Blood type and biting insects

Is it possible black flies are more prone to bite people with a specific blood type? I was recently informed that blood type may be why some people are bitten by insects more than others. Why hasn’t the government harnessed that kind of bug-flying power? The capability of a tiny flying insect to detect blood type sounds like the screenplay for an apocalyptic horror movie. I’ll let that swirl around the heads of any conspiracy theorists. Raise your hands if you have Type O blood pumping through your veins. That is taking the role of universal donor to the next level.

Would blood type be the next stage of an online dating profile? Would the profile read, “loves to hike, O blood to lure away biting insects?” I have so many questions. How far away would I have to be from that person? Should we walk “carrot on a stick” distance apart or side-by-side?

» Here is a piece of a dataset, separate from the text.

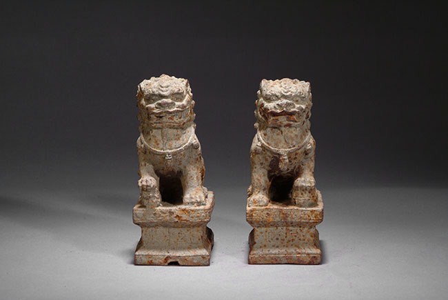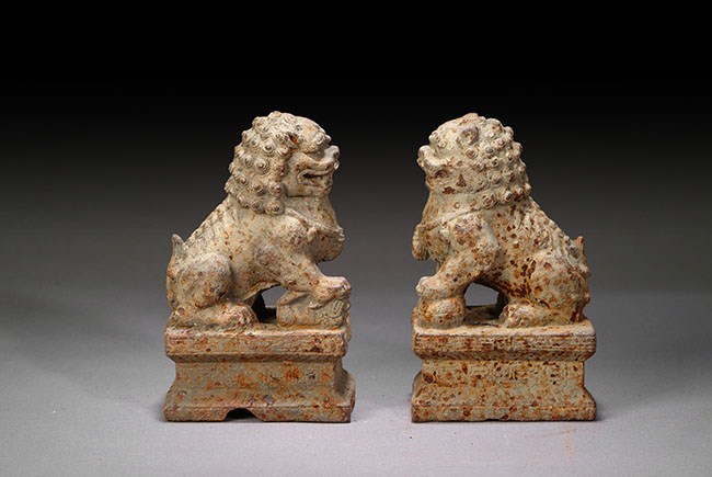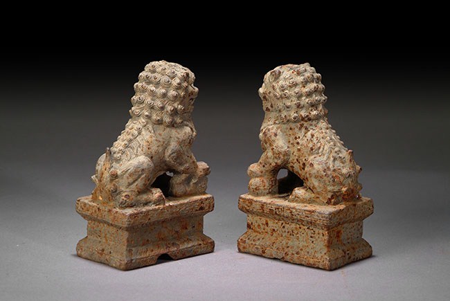 The pair of iron guardian lions symbolizes Yin and Yang. The male guardian lion sets its paws on a ball, signifying world. The female guardian lion sets its paws on the back of a cub. Age related damage and rust. H: 6 1/2 in (17cm)

After many questions and a quick Google search, I found numerous online articles that support the theory and reference “studies.” Unfortunately, the only scientific study I discovered was retracted in 2021. If there is another study supporting blood type and biting insects, I couldn’t find it.

Even if blood type mattered, black flies are like deer. A deer will eat all the “deer-proof” plants when nothing better is available. It’s the same for black flies. If I’m the only offering, then my blood is just what they want.

There is a part of me, in the name of science, eager to go hiking, camping, or just hanging outside with anyone with Type O blood. If it means black flies will be drawn away from me and toward the universal donor, then shouldn’t we all do our part for science? Bringing a Type O person to a party could be the new housewarming gift. Keep your hostess gift wine. I’ll bring a personal bug deterrent.

I asked my neighbor his blood type as we stood outside surrounded by bugs. He wasn’t sure if we had reached that stage in our relationship. I explained my “bug biting research.” We agreed it didn’t matter because black flies are still attracted to carbon dioxide and dark colors, as we exhaled our frustration while dressed in black.